From Email Hacks To Landing The Job Offer: This Week’s Top Leadership Stories

This week we picked up some tips for sending smarter, more effective emails, learned how to set more realistic expectations for our careers, and found out what makes hiring managers offer you the gig after the final-round interview.

 

 

These are the stories you loved in Leadership for the week of May 30:

1. 6 Ways The Most Productive People Send Emails

By one estimate, each of us receives an average of 112 emails every single day. Getting them read and acted on, according to productivity expert Chris Bailey, may start before you even hit the “draft new message” button. “So much of productivity is managing other people’s expectations.”

2. 8 Often-Overlooked Gmail Tricks

Gmail is still one of the most popular email services around, but there are a few helpful features that many of us don’t take full advantage of. Here’s a quick tutorial in the best of them.

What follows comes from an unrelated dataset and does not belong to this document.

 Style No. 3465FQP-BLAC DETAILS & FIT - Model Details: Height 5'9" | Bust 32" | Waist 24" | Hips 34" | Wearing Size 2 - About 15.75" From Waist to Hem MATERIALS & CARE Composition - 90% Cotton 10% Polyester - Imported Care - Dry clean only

3. Why You Keep Getting Close But Still Aren’t Landing Job Offers

You already know how to optimize your resume, write a knockout cover letter, and nail the first-round interview. But when the hiring process finally comes down to you and one other candidate, it’s them and not you that they go with. This week we learned what might be going wrong.

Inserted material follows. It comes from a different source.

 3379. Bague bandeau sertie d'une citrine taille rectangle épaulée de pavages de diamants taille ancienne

4. Why We Are Better At Making Decisions For Other People

New research is adding to our understanding of “decision fatigue,” the process that leads us to have trouble making good choices when we have more choices to make. The surprising finding? That decision fatigue goes away when we’re asked to make decisions on someone else’s behalf. Here’s why.

5. 3 Unrealistic Career Goals You Need To Abandon

It’s all well and good to set concrete goals and put them on a timetable, but there’s often little logic to the deadlines we pick. And that can hold us back. As one writer puts it, “Piling on the pressure to reach milestones without considering fluid definitions of success is limiting.”